Covo, la truffa delle moto
Iter internazionale per riaverle

Le denunce sfiorano ormai quota cento e le persone che si sono viste sottrarre la propria moto - in circostanze che la procura sta cercando di chiarire - dall'ormai ex «Angolo della moto» di Covo ora puntano i piedi e chiedono giustizia.

Le denunce sfiorano ormai quota cento e le persone che si sono viste sottrarre la propria moto - in circostanze che la procura sta cercando di chiarire - dall'ormai ex «Angolo della moto» di Covo ora puntano i piedi e chiedono giustizia.

Dopo diversi sit-in fuori dal punto vendita della Bassa, un servizio-denuncia di «Striscia la notizia» e la minaccia di organizzare una class action contro i proprietari del negozio, ora la maggior parte delle vittime - una settantina - ha avviato una procedura internazionale per chiede la restituzione delle moto che, secondo quanto ricostruito, i titolari dell'«Angolo della moto» avrebbero venduto a un concessionario tedesco di Monaco di Baviera senza però poi dare nulla ai legittimi proprietari dei bolidi, che li avevano affidati al negozio con la formula del conto vendita.

«Abbiamo avviato questa procedura – spiega l'avvocato Sergio Calvetti, che rappresenta appunto una settantina dei presunti truffati – per chiedere che vengano restituite le moto che si trovano al confine, al concessionario tedesco o da quest'ultimo già rivendute. La richiesta internazionale è stata inviata alla procura di Bergamo e alla corte di Monaco di Baviera.

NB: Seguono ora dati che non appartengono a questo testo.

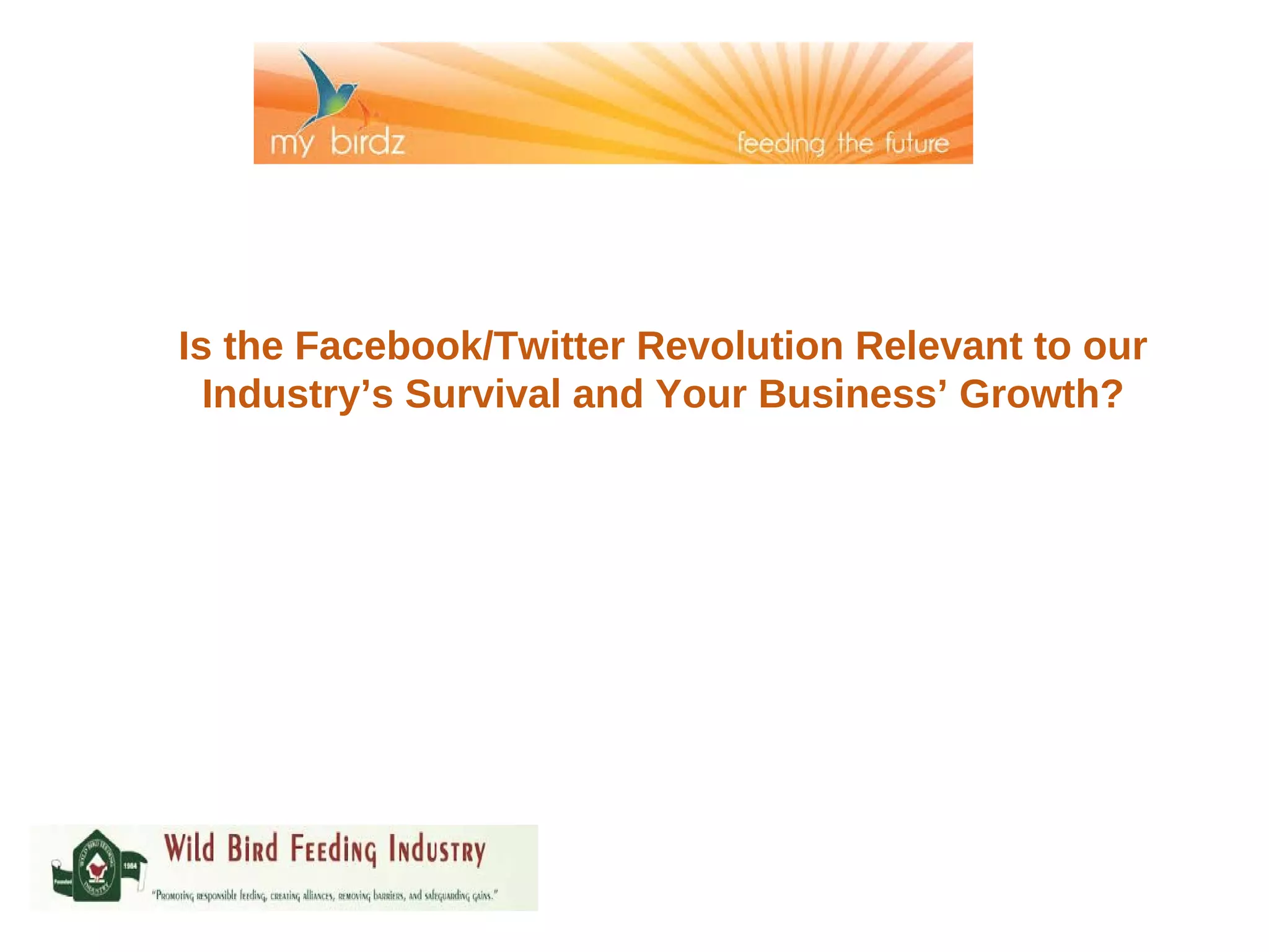 The document discusses how social media like Facebook and Twitter have revolutionized digital communication and how businesses must adapt to survive. It notes statistics on growth of social platforms and demographics of social media users. The presentation argues the wild bird feeding industry needs a fresh digital strategy combining traditional advertising with social media to engage customers and grow. Challenges to implementing social media are addressed. The speaker advocates listening to customers online and setting goals to leverage social platforms for marketing and collaboration across the industry.

Mi auguro che si muovano un po' le acque, perché la procura di Bergamo si sta rivelando piuttosto lenta su questa indagine che coinvolge davvero tante persone».

Sembra che il commerciante di Monaco fosse del tutto in buona fede e che abbia pagato i bolidi in maniera regolare: alcune moto, però, erano state spedite in Germania ancor prima che venissero radiate dal registro in Italia, come hanno riferito alcune delle vittime, le quali si erano viste radiare la moto prima che consegnassero il relativo certificato di proprietà.

A questa obiezione il commerciante tedesco - che a fine 2012 era stato a Covo e aveva incontrato alcune delle vittime - aveva risposto di essersi accontentato, per il trasporto, della fotocopia del libretto di circolazione.